◆ **THE TASK**
Write out word for word each line of the records, beginning at the first and stopping after the line with "下圖是西雙版納的旅游景點,云". Leave the pictures out.

◆ **DATA RECORDS**

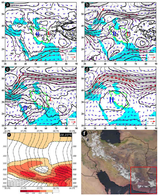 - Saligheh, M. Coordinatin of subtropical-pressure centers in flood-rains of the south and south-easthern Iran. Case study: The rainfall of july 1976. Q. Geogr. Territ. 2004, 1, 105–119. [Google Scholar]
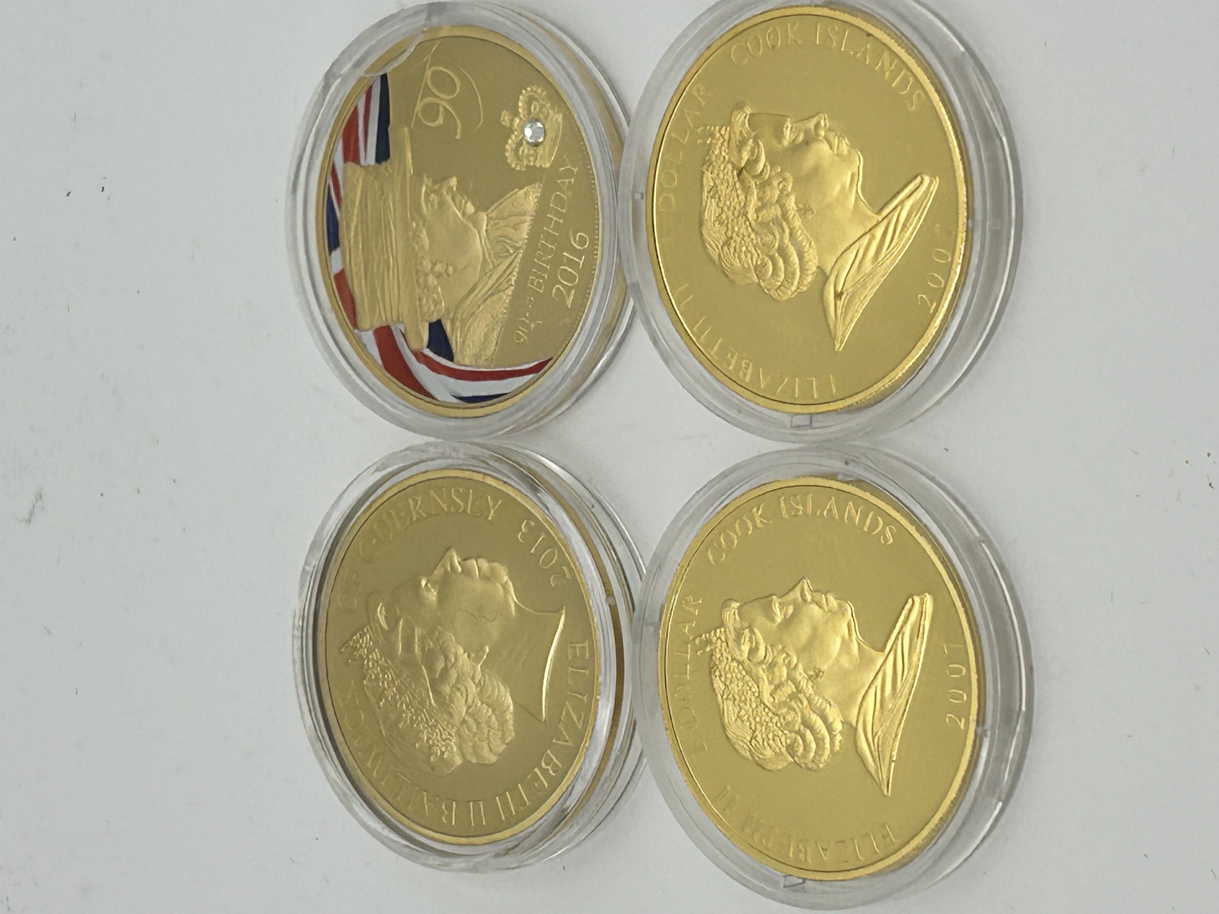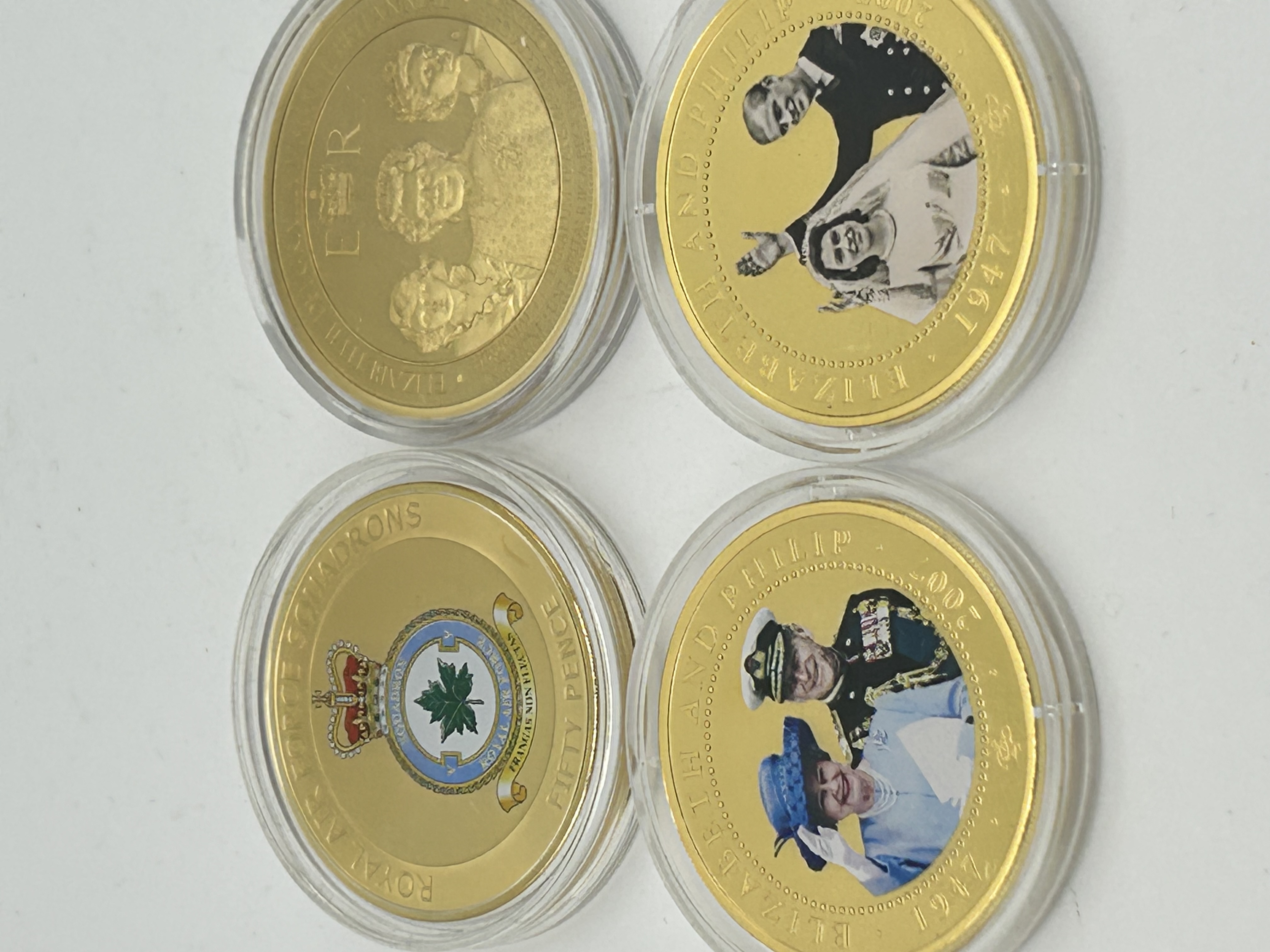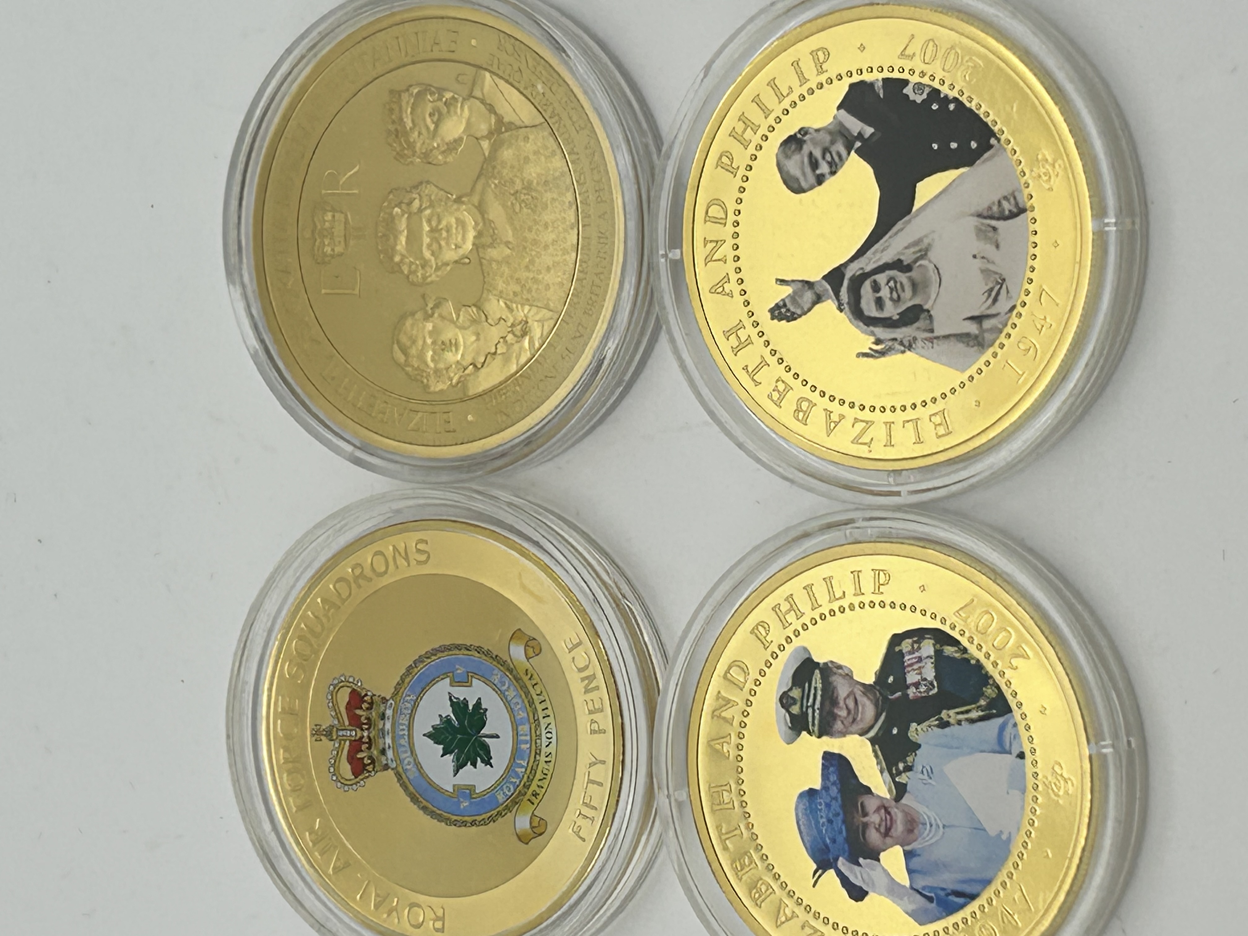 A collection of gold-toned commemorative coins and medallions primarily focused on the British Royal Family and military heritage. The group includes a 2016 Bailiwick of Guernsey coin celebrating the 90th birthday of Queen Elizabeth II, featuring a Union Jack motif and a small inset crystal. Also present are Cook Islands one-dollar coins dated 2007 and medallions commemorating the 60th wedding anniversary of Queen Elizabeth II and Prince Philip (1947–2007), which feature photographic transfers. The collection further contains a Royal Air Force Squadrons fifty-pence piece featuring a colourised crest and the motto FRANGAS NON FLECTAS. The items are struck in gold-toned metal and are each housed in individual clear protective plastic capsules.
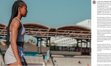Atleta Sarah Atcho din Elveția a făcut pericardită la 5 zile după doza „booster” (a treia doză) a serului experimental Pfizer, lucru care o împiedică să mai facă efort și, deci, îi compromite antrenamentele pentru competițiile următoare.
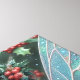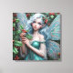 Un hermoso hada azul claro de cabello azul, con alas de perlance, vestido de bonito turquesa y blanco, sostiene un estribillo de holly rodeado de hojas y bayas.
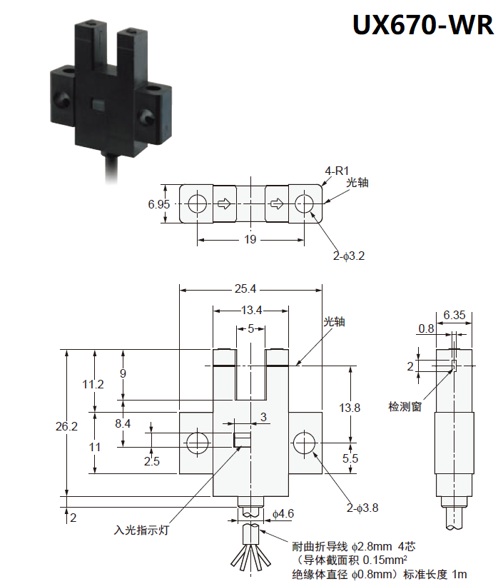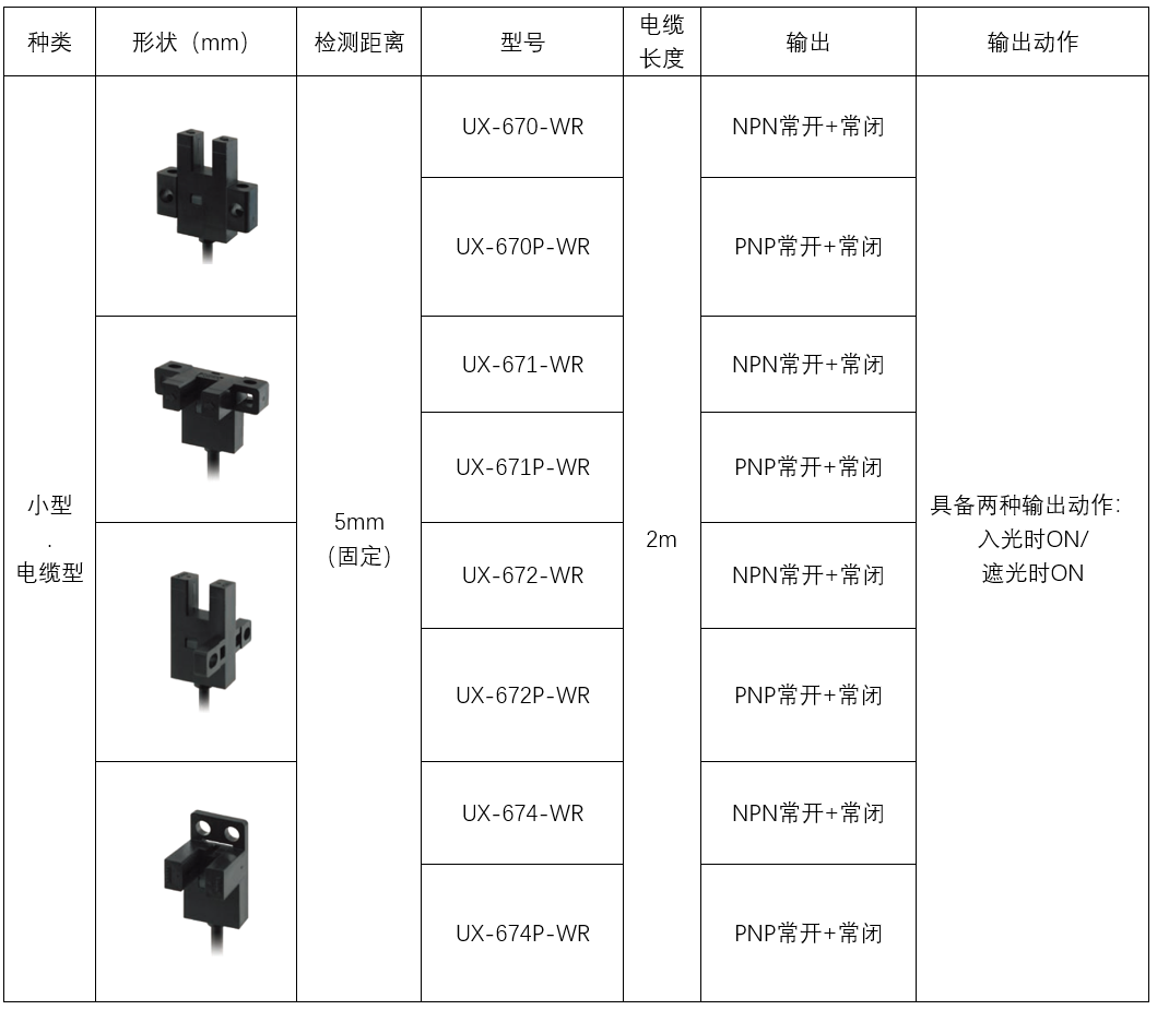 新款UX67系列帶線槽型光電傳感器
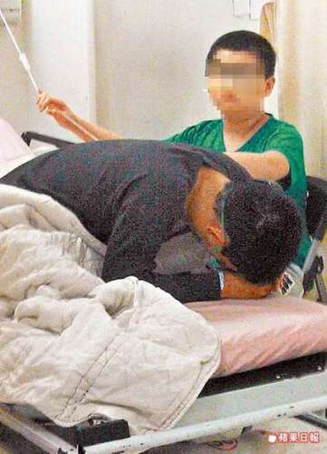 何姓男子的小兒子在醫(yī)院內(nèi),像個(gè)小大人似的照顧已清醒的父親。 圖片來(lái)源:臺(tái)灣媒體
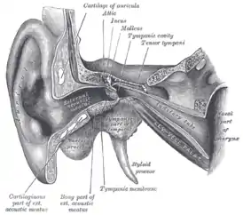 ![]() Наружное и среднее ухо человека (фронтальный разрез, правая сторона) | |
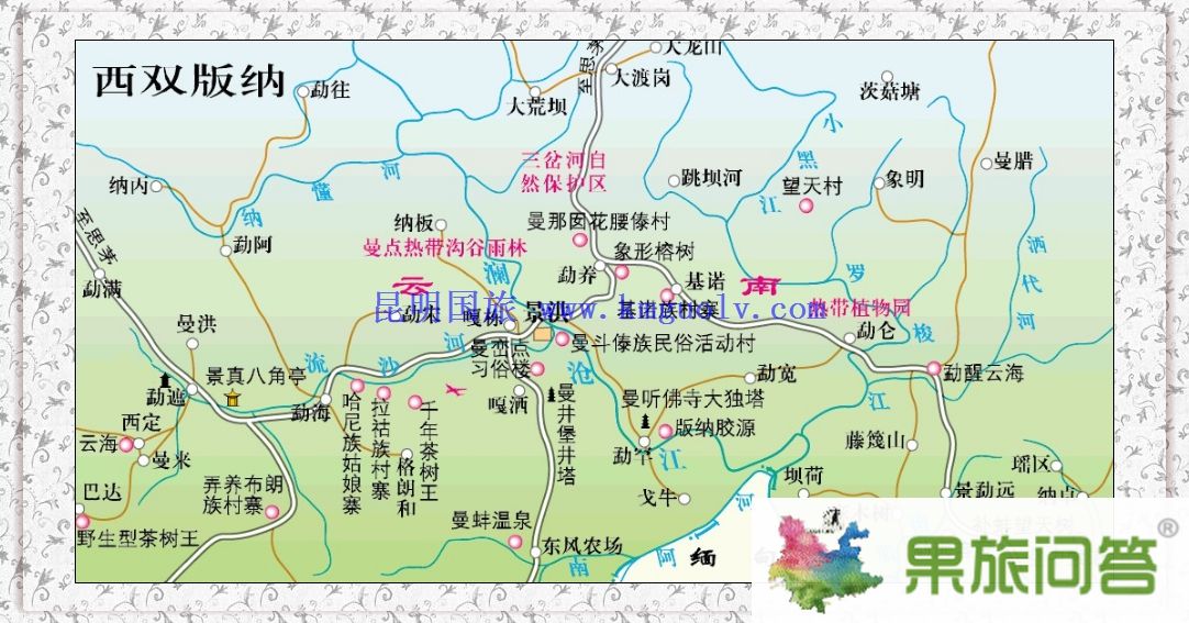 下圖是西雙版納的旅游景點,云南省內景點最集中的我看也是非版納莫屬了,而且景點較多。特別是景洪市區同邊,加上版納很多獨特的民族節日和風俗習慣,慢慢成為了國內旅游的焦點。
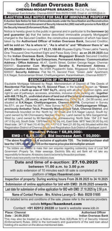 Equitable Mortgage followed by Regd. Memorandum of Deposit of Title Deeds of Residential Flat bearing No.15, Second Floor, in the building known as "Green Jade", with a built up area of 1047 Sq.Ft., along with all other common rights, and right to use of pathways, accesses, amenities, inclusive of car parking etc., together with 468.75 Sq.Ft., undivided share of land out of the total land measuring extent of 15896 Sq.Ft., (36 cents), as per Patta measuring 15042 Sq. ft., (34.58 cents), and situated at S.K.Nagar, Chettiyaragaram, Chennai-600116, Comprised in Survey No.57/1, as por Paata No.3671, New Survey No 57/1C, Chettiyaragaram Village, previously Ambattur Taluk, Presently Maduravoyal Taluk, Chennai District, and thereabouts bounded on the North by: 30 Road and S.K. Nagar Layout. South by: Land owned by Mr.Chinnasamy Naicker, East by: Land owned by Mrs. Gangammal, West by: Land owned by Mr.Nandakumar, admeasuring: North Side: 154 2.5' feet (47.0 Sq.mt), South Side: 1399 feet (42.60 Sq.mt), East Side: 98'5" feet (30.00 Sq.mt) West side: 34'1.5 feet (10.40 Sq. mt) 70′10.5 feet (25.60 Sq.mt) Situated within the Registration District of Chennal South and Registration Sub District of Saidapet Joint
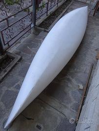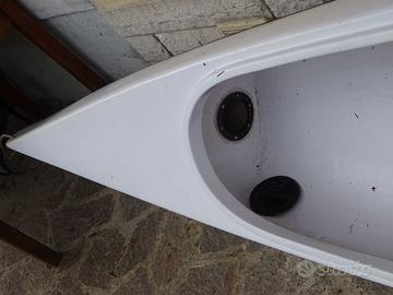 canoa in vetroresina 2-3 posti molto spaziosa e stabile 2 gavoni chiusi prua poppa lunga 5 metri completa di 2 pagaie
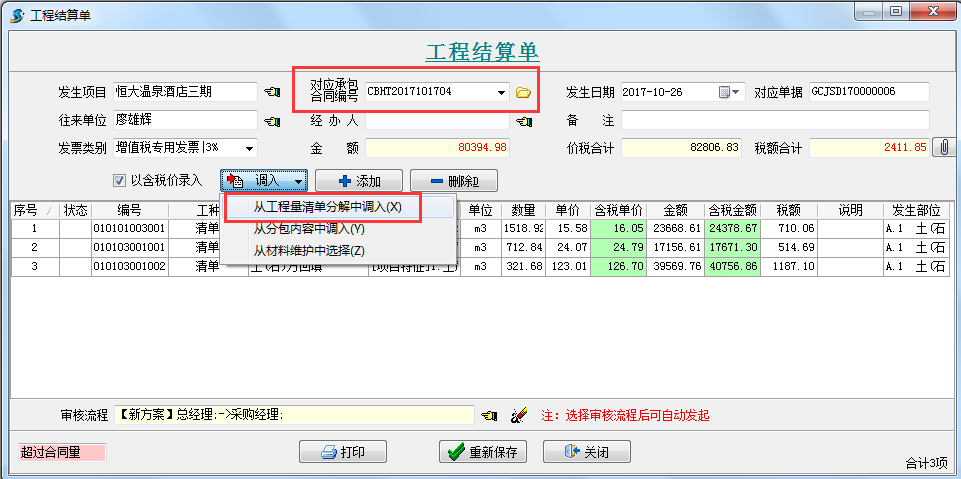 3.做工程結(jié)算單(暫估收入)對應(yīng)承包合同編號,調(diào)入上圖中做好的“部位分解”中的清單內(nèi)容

◆ **WRITTEN SOLUTION**
 - Saligheh, M. Coordinatin of subtropical-pressure centers in flood-rains of the south and south-easthern Iran. Case study: The rainfall of july 1976. Q. Geogr. Territ. 2004, 1, 105–119. [Google Scholar]
 A collection of gold-toned commemorative coins and medallions primarily focused on the British Royal Family and military heritage. The group includes a 2016 Bailiwick of Guernsey coin celebrating the 90th birthday of Queen Elizabeth II, featuring a Union Jack motif and a small inset crystal. Also present are Cook Islands one-dollar coins dated 2007 and medallions commemorating the 60th wedding anniversary of Queen Elizabeth II and Prince Philip (1947–2007), which feature photographic transfers. The collection further contains a Royal Air Force Squadrons fifty-pence piece featuring a colourised crest and the motto FRANGAS NON FLECTAS. The items are struck in gold-toned metal and are each housed in individual clear protective plastic capsules.
Atleta Sarah Atcho din Elveția a făcut pericardită la 5 zile după doza „booster” (a treia doză) a serului experimental Pfizer, lucru care o împiedică să mai facă efort și, deci, îi compromite antrenamentele pentru competițiile următoare.
 Un hermoso hada azul claro de cabello azul, con alas de perlance, vestido de bonito turquesa y blanco, sostiene un estribillo de holly rodeado de hojas y bayas.
 新款UX67系列帶線槽型光電傳感器
 何姓男子的小兒子在醫(yī)院內(nèi),像個(gè)小大人似的照顧已清醒的父親。 圖片來(lái)源:臺(tái)灣媒體
 ![]() Наружное и среднее ухо человека (фронтальный разрез, правая сторона) | |
 下圖是西雙版納的旅游景點,云南省內景點最集中的我看也是非版納莫屬了,而且景點較多。特別是景洪市區同邊,加上版納很多獨特的民族節日和風俗習慣,慢慢成為了國內旅游的焦點。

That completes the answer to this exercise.